- [Action item]: I'd ask you to write out the lines below exactly, with no images.

- [Provided data]:
═══

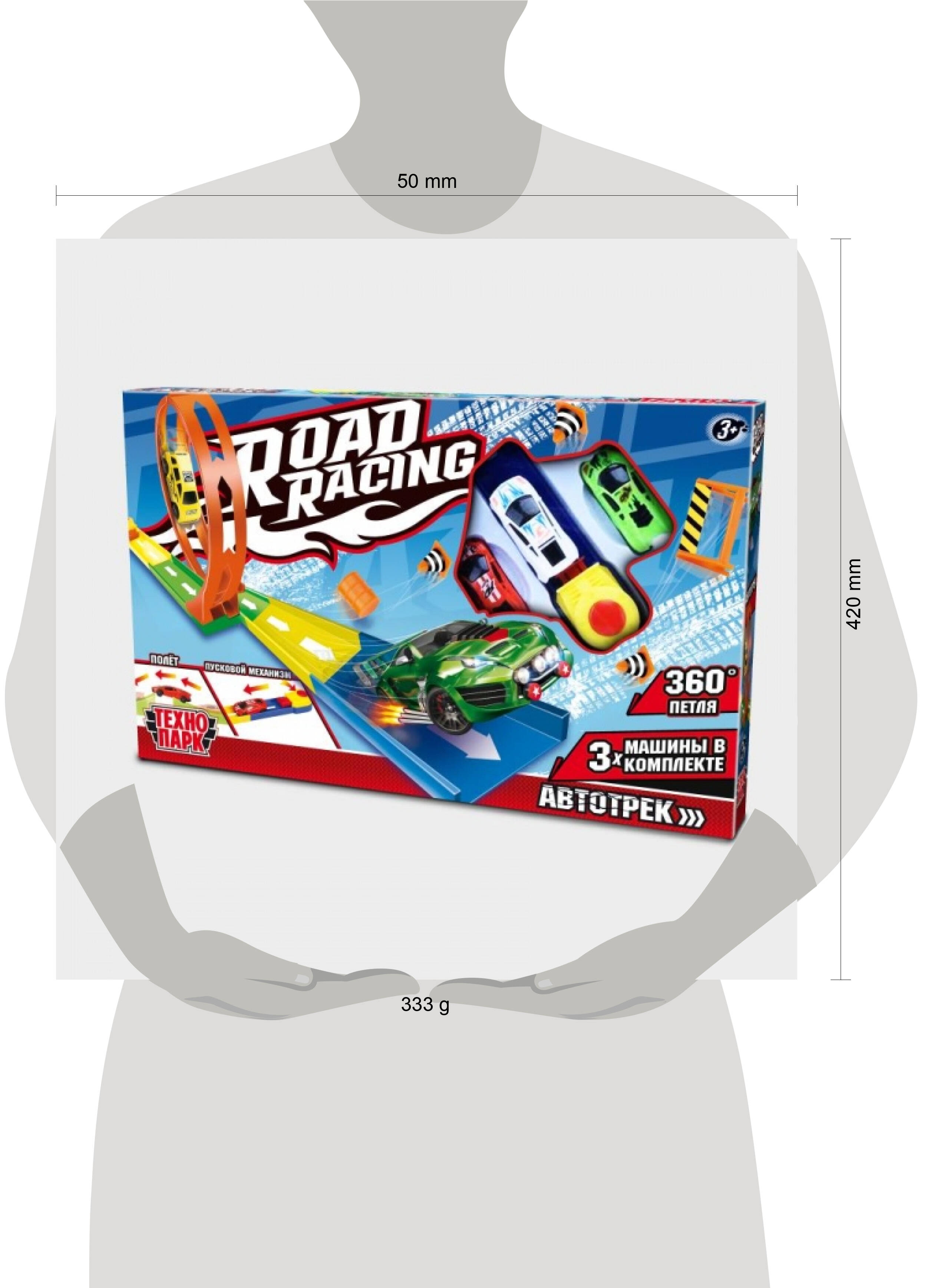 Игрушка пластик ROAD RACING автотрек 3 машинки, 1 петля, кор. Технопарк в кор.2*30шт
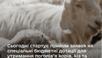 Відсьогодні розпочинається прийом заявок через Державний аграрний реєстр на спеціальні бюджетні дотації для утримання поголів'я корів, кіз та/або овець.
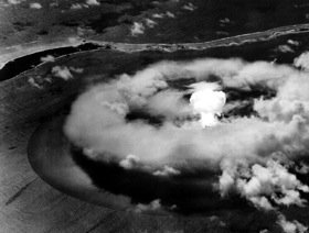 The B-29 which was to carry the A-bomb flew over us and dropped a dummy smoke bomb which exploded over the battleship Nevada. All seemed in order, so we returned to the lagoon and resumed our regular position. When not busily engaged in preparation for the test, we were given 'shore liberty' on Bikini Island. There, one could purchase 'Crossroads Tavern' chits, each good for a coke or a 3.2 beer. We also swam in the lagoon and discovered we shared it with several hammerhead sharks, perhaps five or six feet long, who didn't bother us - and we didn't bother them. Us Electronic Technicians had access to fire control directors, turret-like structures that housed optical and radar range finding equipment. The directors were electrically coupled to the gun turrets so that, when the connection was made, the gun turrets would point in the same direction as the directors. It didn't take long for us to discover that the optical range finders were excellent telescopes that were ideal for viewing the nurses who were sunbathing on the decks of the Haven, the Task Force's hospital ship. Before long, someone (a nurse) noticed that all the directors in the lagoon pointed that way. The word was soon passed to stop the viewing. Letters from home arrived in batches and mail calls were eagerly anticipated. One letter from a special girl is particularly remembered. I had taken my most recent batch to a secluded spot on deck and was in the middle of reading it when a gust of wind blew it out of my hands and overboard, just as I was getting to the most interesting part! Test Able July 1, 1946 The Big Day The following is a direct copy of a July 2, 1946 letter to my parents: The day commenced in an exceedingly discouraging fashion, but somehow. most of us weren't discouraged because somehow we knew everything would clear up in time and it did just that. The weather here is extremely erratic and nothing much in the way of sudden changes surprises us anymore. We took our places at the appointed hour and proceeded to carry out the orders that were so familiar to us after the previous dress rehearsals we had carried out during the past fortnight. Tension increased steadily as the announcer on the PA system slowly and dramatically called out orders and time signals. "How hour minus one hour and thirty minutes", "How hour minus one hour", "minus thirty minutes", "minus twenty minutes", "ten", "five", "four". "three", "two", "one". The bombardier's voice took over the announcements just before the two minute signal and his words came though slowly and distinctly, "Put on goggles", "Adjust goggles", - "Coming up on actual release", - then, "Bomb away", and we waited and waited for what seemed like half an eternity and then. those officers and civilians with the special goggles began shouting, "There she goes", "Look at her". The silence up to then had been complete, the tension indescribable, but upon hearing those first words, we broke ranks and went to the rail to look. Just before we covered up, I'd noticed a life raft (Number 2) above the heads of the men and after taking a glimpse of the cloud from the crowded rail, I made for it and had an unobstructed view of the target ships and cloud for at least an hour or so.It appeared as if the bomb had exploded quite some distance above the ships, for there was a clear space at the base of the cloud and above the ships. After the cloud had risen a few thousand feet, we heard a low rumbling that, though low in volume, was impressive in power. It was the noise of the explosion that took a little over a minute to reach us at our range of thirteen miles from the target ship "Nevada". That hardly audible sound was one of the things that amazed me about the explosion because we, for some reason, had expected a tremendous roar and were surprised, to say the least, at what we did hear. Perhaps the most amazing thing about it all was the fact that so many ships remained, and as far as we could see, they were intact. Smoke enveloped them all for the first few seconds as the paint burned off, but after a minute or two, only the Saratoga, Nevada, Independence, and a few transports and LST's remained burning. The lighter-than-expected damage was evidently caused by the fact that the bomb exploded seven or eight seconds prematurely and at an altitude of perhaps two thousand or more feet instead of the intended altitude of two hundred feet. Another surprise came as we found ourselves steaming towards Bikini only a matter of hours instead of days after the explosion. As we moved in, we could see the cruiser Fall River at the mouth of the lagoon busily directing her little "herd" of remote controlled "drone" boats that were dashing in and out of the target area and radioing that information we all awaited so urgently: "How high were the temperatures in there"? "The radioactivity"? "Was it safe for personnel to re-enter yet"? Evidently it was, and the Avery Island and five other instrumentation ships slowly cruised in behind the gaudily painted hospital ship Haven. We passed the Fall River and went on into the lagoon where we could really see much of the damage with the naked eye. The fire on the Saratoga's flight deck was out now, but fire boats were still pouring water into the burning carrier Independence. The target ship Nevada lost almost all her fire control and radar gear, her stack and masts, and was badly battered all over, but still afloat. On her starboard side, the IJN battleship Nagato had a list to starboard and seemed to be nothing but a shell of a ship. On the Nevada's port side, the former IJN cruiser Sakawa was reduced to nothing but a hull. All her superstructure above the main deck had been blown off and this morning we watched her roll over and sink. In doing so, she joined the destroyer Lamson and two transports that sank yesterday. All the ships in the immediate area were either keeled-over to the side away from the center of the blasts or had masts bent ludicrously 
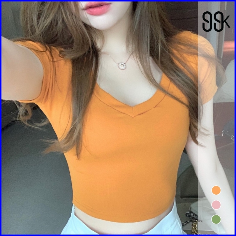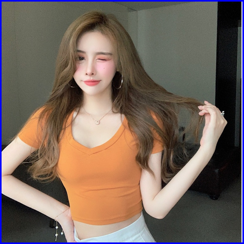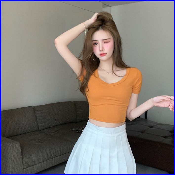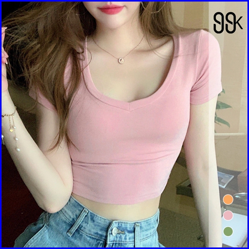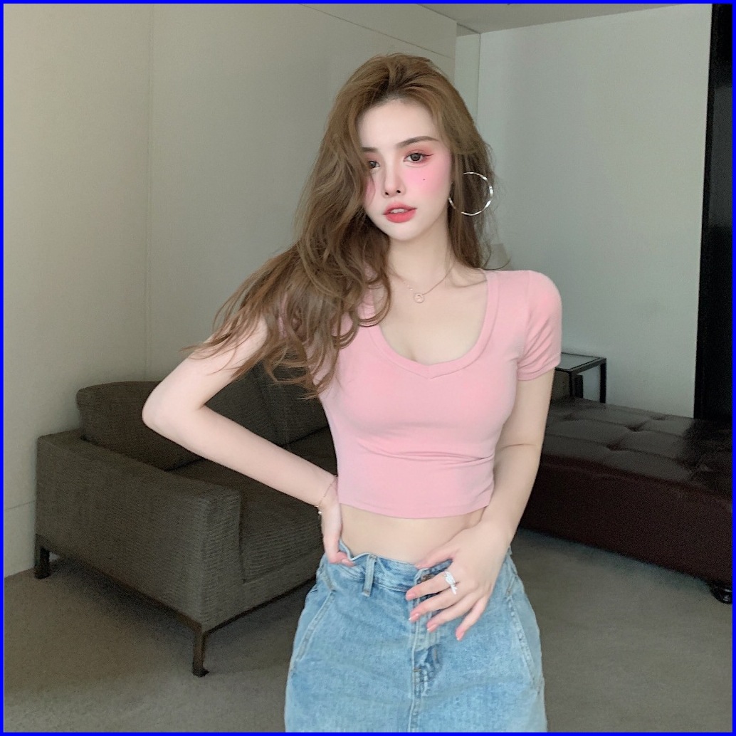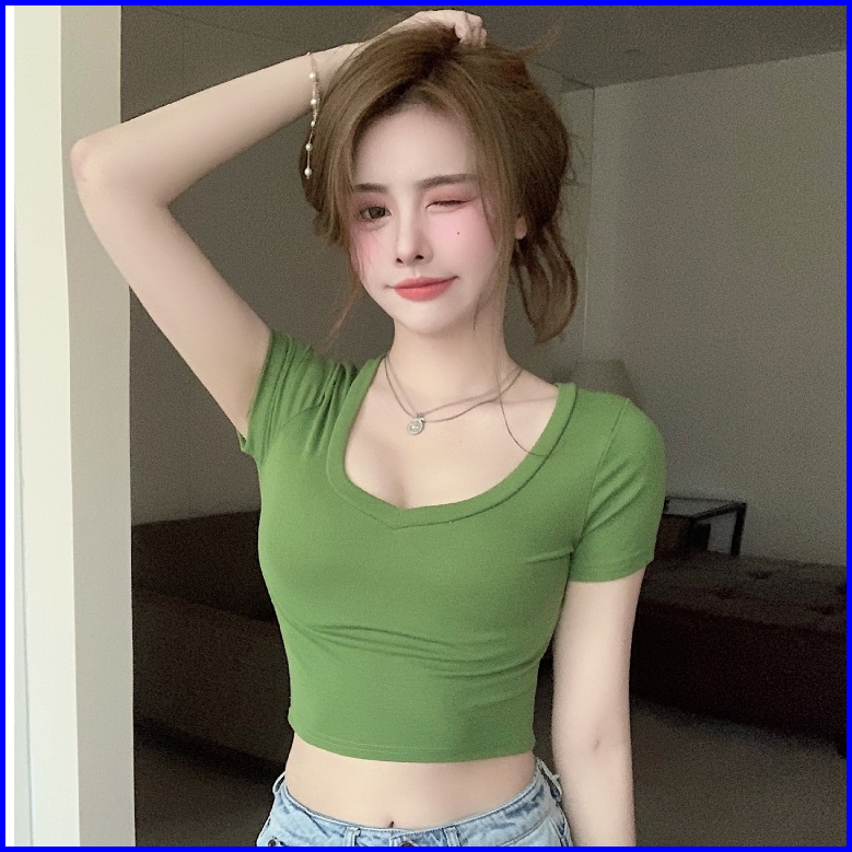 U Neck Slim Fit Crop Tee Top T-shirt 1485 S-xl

═══

- [Response below]:
 Игрушка пластик ROAD RACING автотрек 3 машинки, 1 петля, кор. Технопарк в кор.2*30шт
 Відсьогодні розпочинається прийом заявок через Державний аграрний реєстр на спеціальні бюджетні дотації для утримання поголів'я корів, кіз та/або овець.
 The B-29 which was to carry the A-bomb flew over us and dropped a dummy smoke bomb which exploded over the battleship Nevada. All seemed in order, so we returned to the lagoon and resumed our regular position. When not busily engaged in preparation for the test, we were given 'shore liberty' on Bikini Island. There, one could purchase 'Crossroads Tavern' chits, each good for a coke or a 3.2 beer. We also swam in the lagoon and discovered we shared it with several hammerhead sharks, perhaps five or six feet long, who didn't bother us - and we didn't bother them. Us Electronic Technicians had access to fire control directors, turret-like structures that housed optical and radar range finding equipment. The directors were electrically coupled to the gun turrets so that, when the connection was made, the gun turrets would point in the same direction as the directors. It didn't take long for us to discover that the optical range finders were excellent telescopes that were ideal for viewing the nurses who were sunbathing on the decks of the Haven, the Task Force's hospital ship. Before long, someone (a nurse) noticed that all the directors in the lagoon pointed that way. The word was soon passed to stop the viewing. Letters from home arrived in batches and mail calls were eagerly anticipated. One letter from a special girl is particularly remembered. I had taken my most recent batch to a secluded spot on deck and was in the middle of reading it when a gust of wind blew it out of my hands and overboard, just as I was getting to the most interesting part! Test Able July 1, 1946 The Big Day The following is a direct copy of a July 2, 1946 letter to my parents: The day commenced in an exceedingly discouraging fashion, but somehow. most of us weren't discouraged because somehow we knew everything would clear up in time and it did just that. The weather here is extremely erratic and nothing much in the way of sudden changes surprises us anymore. We took our places at the appointed hour and proceeded to carry out the orders that were so familiar to us after the previous dress rehearsals we had carried out during the past fortnight. Tension increased steadily as the announcer on the PA system slowly and dramatically called out orders and time signals. "How hour minus one hour and thirty minutes", "How hour minus one hour", "minus thirty minutes", "minus twenty minutes", "ten", "five", "four". "three", "two", "one". The bombardier's voice took over the announcements just before the two minute signal and his words came though slowly and distinctly, "Put on goggles", "Adjust goggles", - "Coming up on actual release", - then, "Bomb away", and we waited and waited for what seemed like half an eternity and then. those officers and civilians with the special goggles began shouting, "There she goes", "Look at her". The silence up to then had been complete, the tension indescribable, but upon hearing those first words, we broke ranks and went to the rail to look. Just before we covered up, I'd noticed a life raft (Number 2) above the heads of the men and after taking a glimpse of the cloud from the crowded rail, I made for it and had an unobstructed view of the target ships and cloud for at least an hour or so.It appeared as if the bomb had exploded quite some distance above the ships, for there was a clear space at the base of the cloud and above the ships. After the cloud had risen a few thousand feet, we heard a low rumbling that, though low in volume, was impressive in power. It was the noise of the explosion that took a little over a minute to reach us at our range of thirteen miles from the target ship "Nevada". That hardly audible sound was one of the things that amazed me about the explosion because we, for some reason, had expected a tremendous roar and were surprised, to say the least, at what we did hear. Perhaps the most amazing thing about it all was the fact that so many ships remained, and as far as we could see, they were intact. Smoke enveloped them all for the first few seconds as the paint burned off, but after a minute or two, only the Saratoga, Nevada, Independence, and a few transports and LST's remained burning. The lighter-than-expected damage was evidently caused by the fact that the bomb exploded seven or eight seconds prematurely and at an altitude of perhaps two thousand or more feet instead of the intended altitude of two hundred feet. Another surprise came as we found ourselves steaming towards Bikini only a matter of hours instead of days after the explosion. As we moved in, we could see the cruiser Fall River at the mouth of the lagoon busily directing her little "herd" of remote controlled "drone" boats that were dashing in and out of the target area and radioing that information we all awaited so urgently: "How high were the temperatures in there"? "The radioactivity"? "Was it safe for personnel to re-enter yet"? Evidently it was, and the Avery Island and five other instrumentation ships slowly cruised in behind the gaudily painted hospital ship Haven. We passed the Fall River and went on into the lagoon where we could really see much of the damage with the naked eye. The fire on the Saratoga's flight deck was out now, but fire boats were still pouring water into the burning carrier Independence. The target ship Nevada lost almost all her fire control and radar gear, her stack and masts, and was badly battered all over, but still afloat. On her starboard side, the IJN battleship Nagato had a list to starboard and seemed to be nothing but a shell of a ship. On the Nevada's port side, the former IJN cruiser Sakawa was reduced to nothing but a hull. All her superstructure above the main deck had been blown off and this morning we watched her roll over and sink. In doing so, she joined the destroyer Lamson and two transports that sank yesterday. All the ships in the immediate area were either keeled-over to the side away from the center of the blasts or had masts bent ludicrously 
 U Neck Slim Fit Crop Tee Top T-shirt 1485 S-xl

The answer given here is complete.